# Comprehensive Workflow: From Single-Cell Data to ML-Ready Graph Input

This notebook integrates several scripts to perform a full data processing pipeline. The goal is to convert raw single-cell RNA-seq data (`.h5ad`) into a set of files suitable for training a temporal graph network. The process involves:
1.  **Setup & Configuration**: Defining all paths and importing libraries.
2.  **Node Feature Extraction**: Identifying highly variable genes (HVGs) and extracting their expression values for each cell to serve as node features.
3.  **Edge Inference with Palantir**: Calculating a transition probability matrix between cells to infer directed edges and their weights.
4.  **Edge Filtering and Analysis**: Analyzing the distribution of edge weights and filtering them to retain only the most significant connections.
5.  **Final ML Data Preparation**: Assembling the filtered edges, node labels (cell types), and timestamps into a final CSV file and a corresponding feature matrix (`.npy`).

### 1. Setup and Configuration

**Goal**: Import all necessary libraries and define all input/output paths in a centralized location. This makes the notebook easier to configure and maintain.

**Input**: The required h5ad-related data files can be obtained through the **data_preparation.ipynb** file.

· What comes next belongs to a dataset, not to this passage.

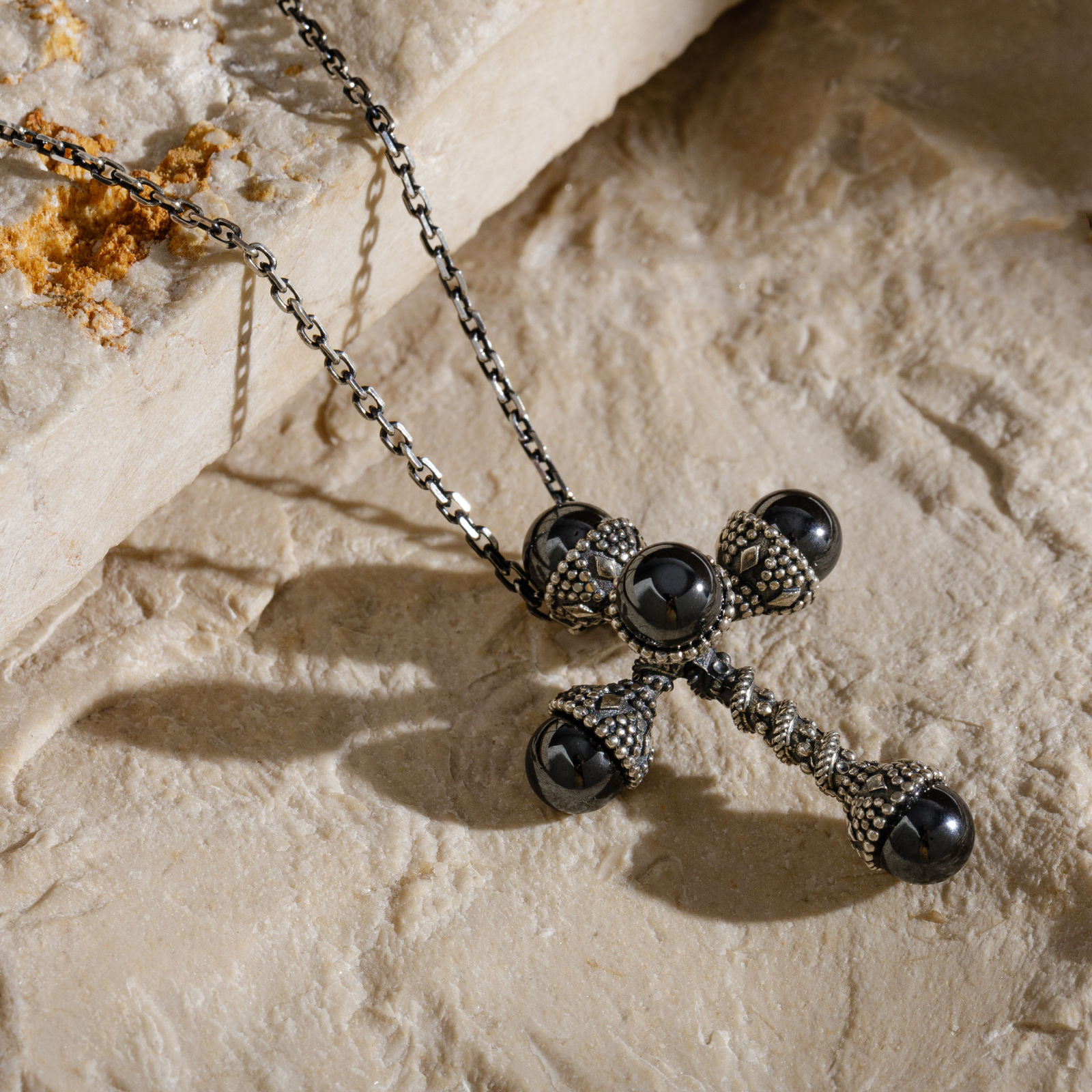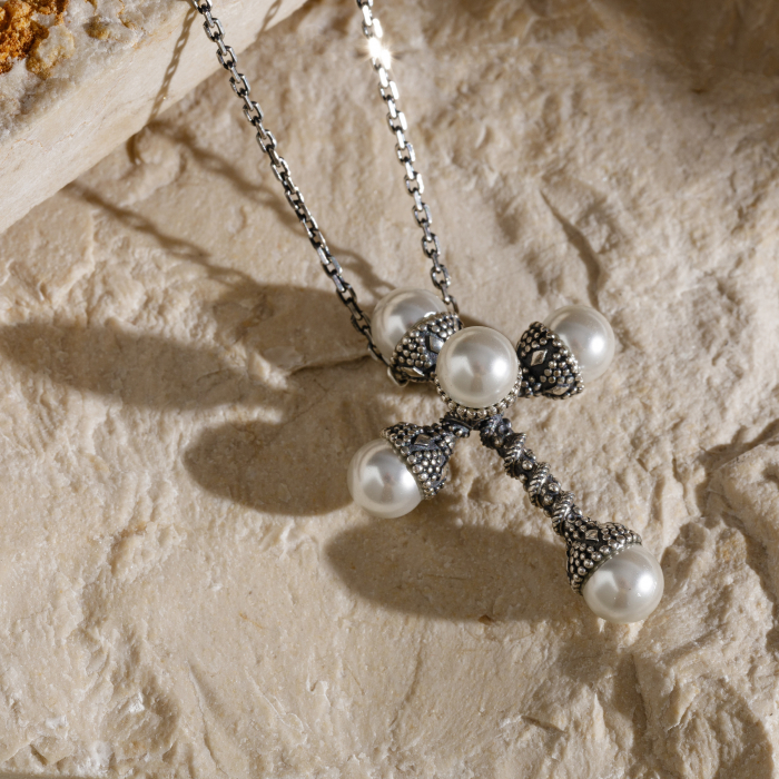 lusavor în limba armeană) este lumina care deschide drumul. Acest colier în formă de cruce este o reinterpretare regală a simbolului credinței. Realizat din argint 925, cu perle montate în cinci capete sculpturale, colierul evocă o relicvă veche, dar cu o prezență contemporană.

**Output**: Python variables pointing to file paths and created output directories.

In [None]:
# === Library Imports ===
import os
import pandas as pd
import numpy as np
import anndata as ad
import scanpy as sc
import pickle
from palantir.utils import run_diffusion_maps, determine_multiscale_space, compute_kernel
from tqdm.notebook import tqdm

# === Input Data Paths ===
BASE_INPUT_DIR = "./data/human_bone/"
H5AD_PATH = os.path.join(BASE_INPUT_DIR, "HumanBone.h5ad")
CELL_MAP_PATH = os.path.join(BASE_INPUT_DIR, "cell_map.csv")
CELLTYPE_MAP_PATH = os.path.join(BASE_INPUT_DIR, "celltype_map.csv")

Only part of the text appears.